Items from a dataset
----------

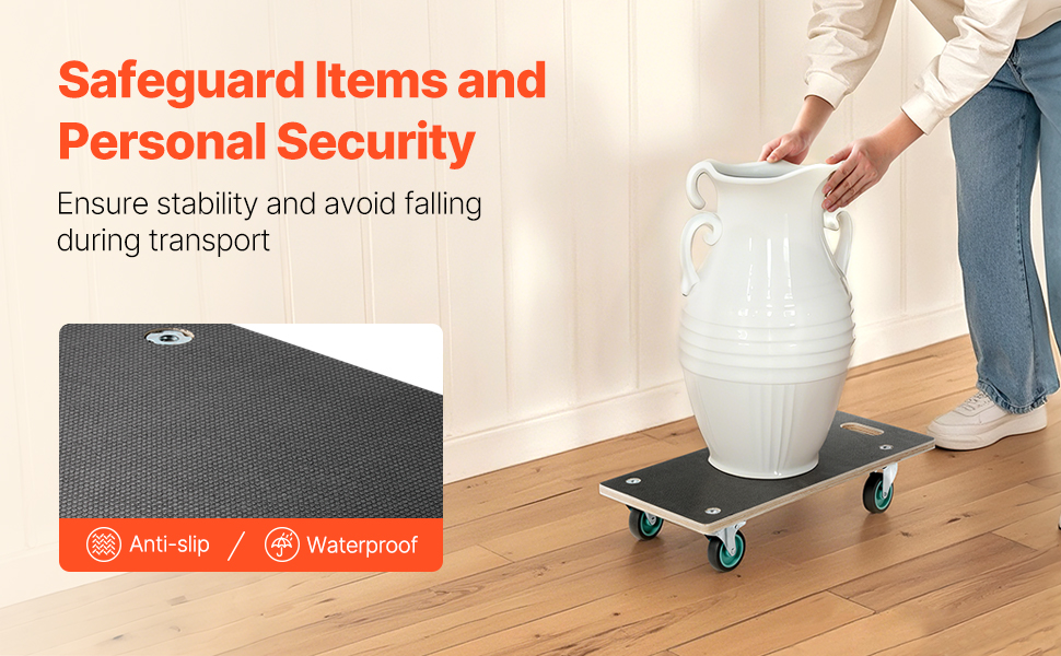 Žiadne šmýkanie ani posúvanie sa tu nekoná! Protišmykový, vodeodolný povrch nášho vozíka na sťahovanie nábytku udrží vaše predmety na mieste, vďaka čomu budete mať istotu, že všetko zostane počas prepravy v bezpečí.
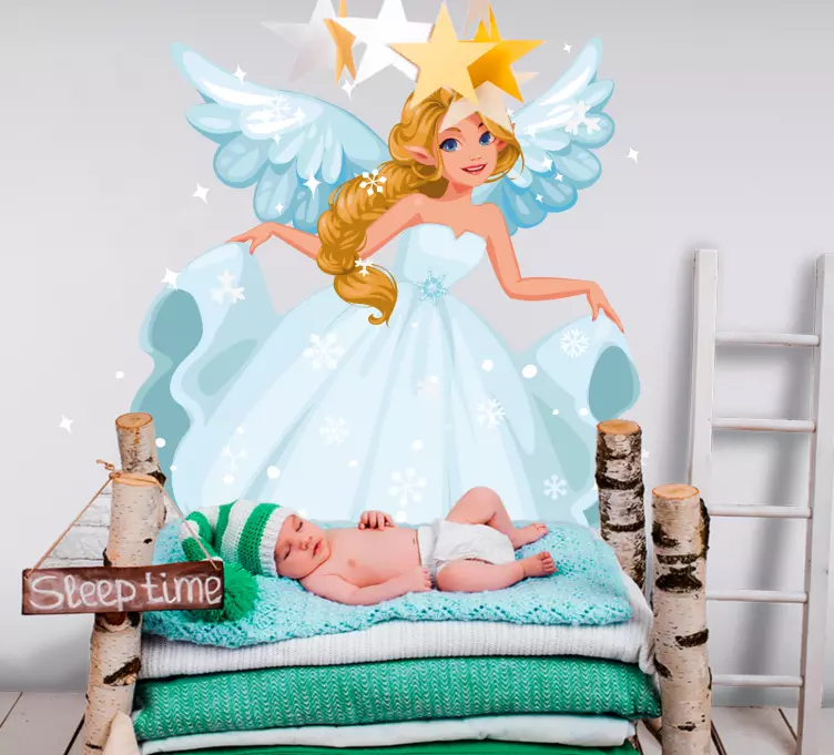Transform your child's space into a realm of magic and fantasy with our enchanting Kid's sticker fairy with wings. The whimsical design features a delightful fairy adorned with delicate wings, surrounded by sparkling snowflakes that bring joy to any room. This sticker is perfect for inspiring imagination and creativity in children, making their environment a playful canvas.
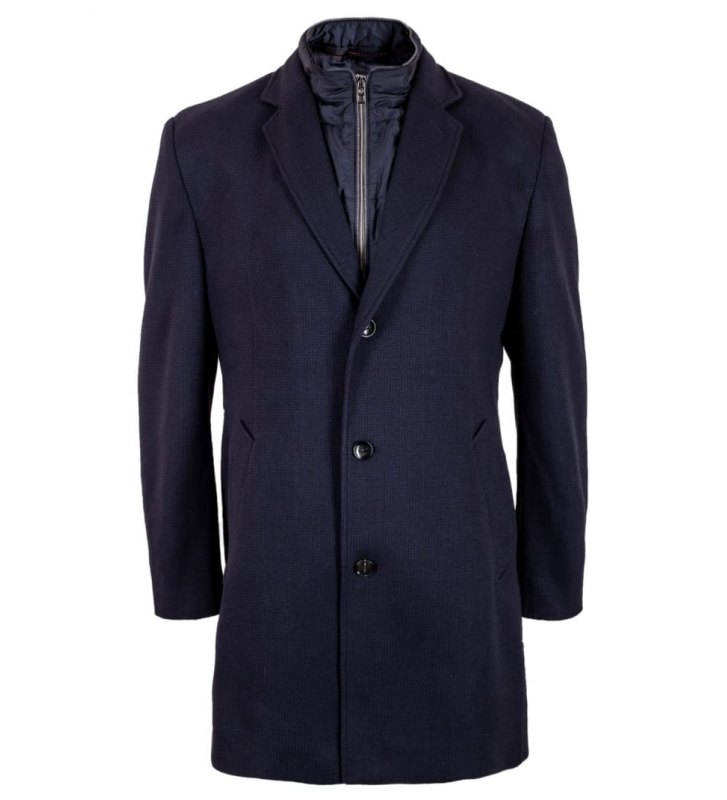 Мужское пальто от Bugatti из трикотажа, воротник с отворотом, боковыми прорезными карманами разрезом сзади.
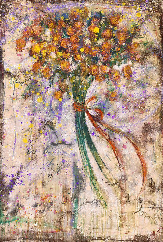 Floral bouquet Yellow White Modern Wood Framed Art Print with Double Matting by Wiley, Marta
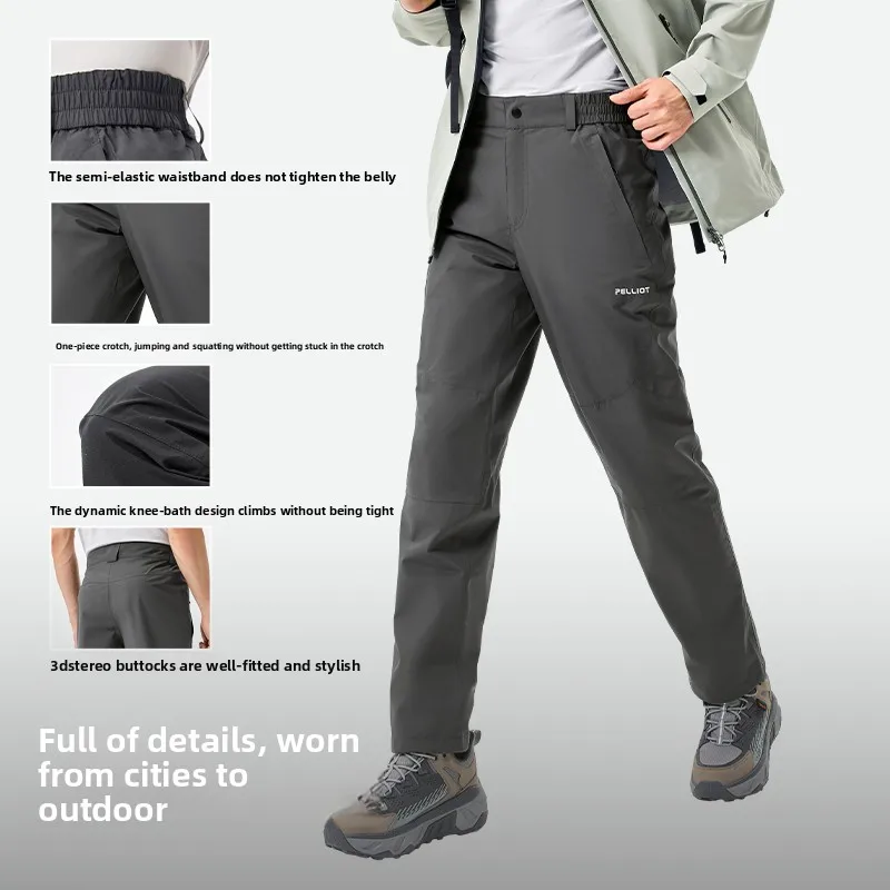 Pelliot Men's Classic Windproof Lightweight Waterproof Sports Trousers Mid Waist Winter Hiking Pants Waterproof Pants
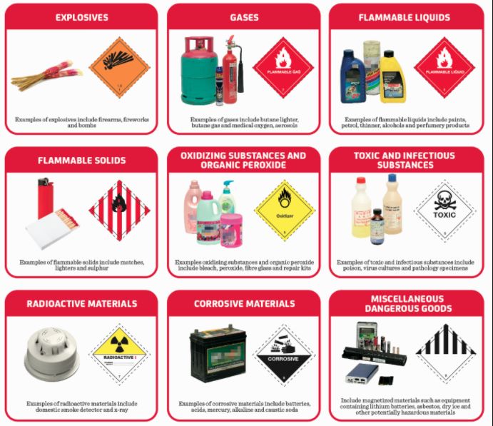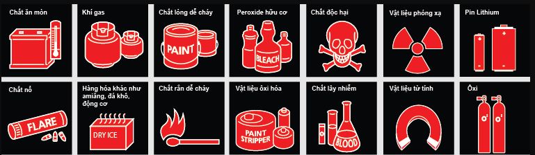 - Vật hoặc chất dễ nổ, dễ cháy và các chất gây nguy hiểm mất vệ sinh, gây ô nhiễm nôi trường.
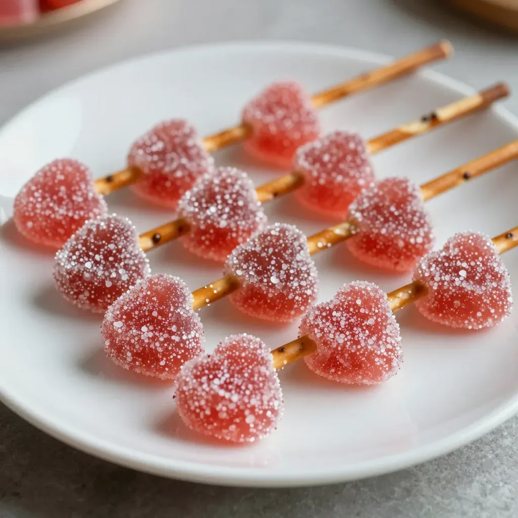 Translucent coral pink gummy candies with sparkling sugar coating are skewered on golden-brown pretzel rods, arranged diagonally on a white plate. Soft overhead natural light enhances the glossy texture and crystalline sugar, with shallow depth of field and a neutral grey background providing clean, distraction-free framing.
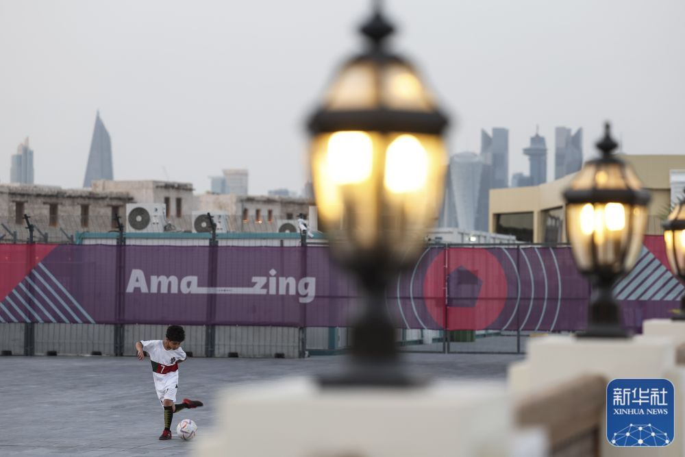 11月8日,一名男孩在多哈瓦基夫市场的空地上踢球。(图片来源:新华社)

----------

## What to work on
Leave out every picture, and repeat word for word only the lines from the one holding "Мужское пальто от" through the end of the entries above, both ends included.

## Finished task
 Мужское пальто от Bugatti из трикотажа, воротник с отворотом, боковыми прорезными карманами разрезом сзади.
 Floral bouquet Yellow White Modern Wood Framed Art Print with Double Matting by Wiley, Marta
 Pelliot Men's Classic Windproof Lightweight Waterproof Sports Trousers Mid Waist Winter Hiking Pants Waterproof Pants
 - Vật hoặc chất dễ nổ, dễ cháy và các chất gây nguy hiểm mất vệ sinh, gây ô nhiễm nôi trường.
 Translucent coral pink gummy candies with sparkling sugar coating are skewered on golden-brown pretzel rods, arranged diagonally on a white plate. Soft overhead natural light enhances the glossy texture and crystalline sugar, with shallow depth of field and a neutral grey background providing clean, distraction-free framing.
 11月8日,一名男孩在多哈瓦基夫市场的空地上踢球。(图片来源:新华社)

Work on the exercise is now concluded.